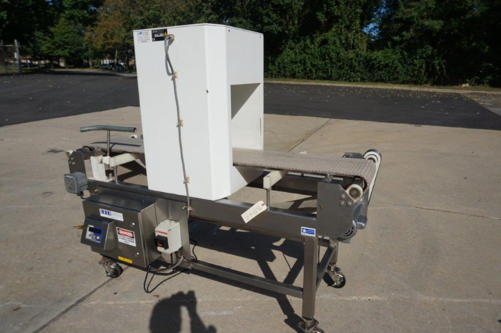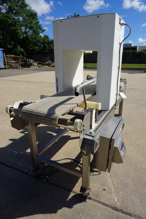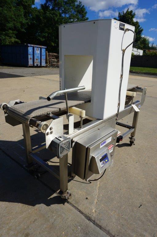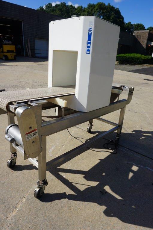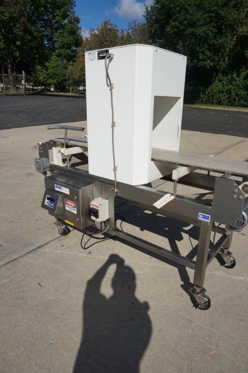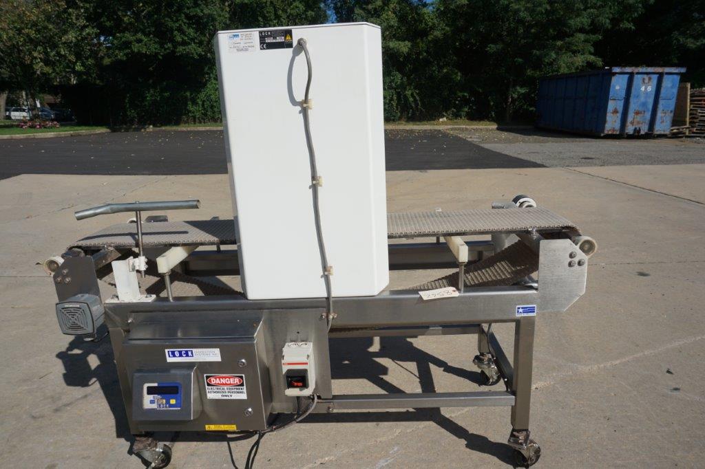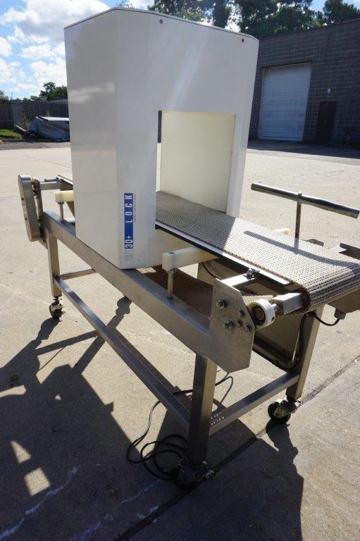 1-Used Lock MET30+ Conveyorized Metal Detector, S/N 30693/1. Equipped with 14 In. Wide X 15 In. High aperture, machine is on stainless steel stand with casters for portability. Last operated in food processing, machine has single phase electrics. (Stock #8562)
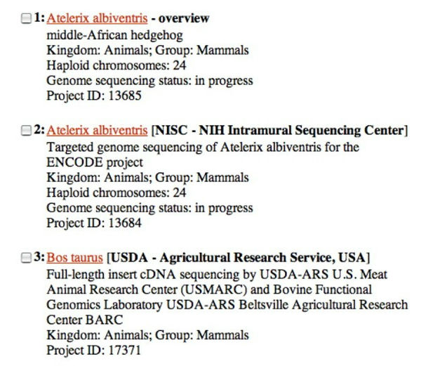 В этом эксперименте вы будете использовать онлайн-базу данных биоинформатики, чтобы узнать, какие животные в настоящее время имеют проекты генома, какие проекты завершены, а какие проекты все еще находятся в стадии разработки.
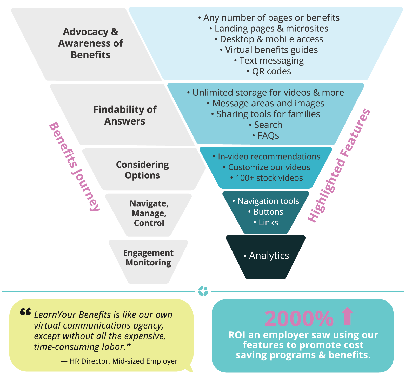 LearnYour Benefits is effortless to customize for any benefit or promotional need, plus our teams will do the heavy lifting during implementation, open enrollment prep, on-going programs, and optimizations.

» Prompt
Write all the lines above out again exactly, minus the images.

» Finished exercise
 1-Used Lock MET30+ Conveyorized Metal Detector, S/N 30693/1. Equipped with 14 In. Wide X 15 In. High aperture, machine is on stainless steel stand with casters for portability. Last operated in food processing, machine has single phase electrics. (Stock #8562)
 В этом эксперименте вы будете использовать онлайн-базу данных биоинформатики, чтобы узнать, какие животные в настоящее время имеют проекты генома, какие проекты завершены, а какие проекты все еще находятся в стадии разработки.
 LearnYour Benefits is effortless to customize for any benefit or promotional need, plus our teams will do the heavy lifting during implementation, open enrollment prep, on-going programs, and optimizations.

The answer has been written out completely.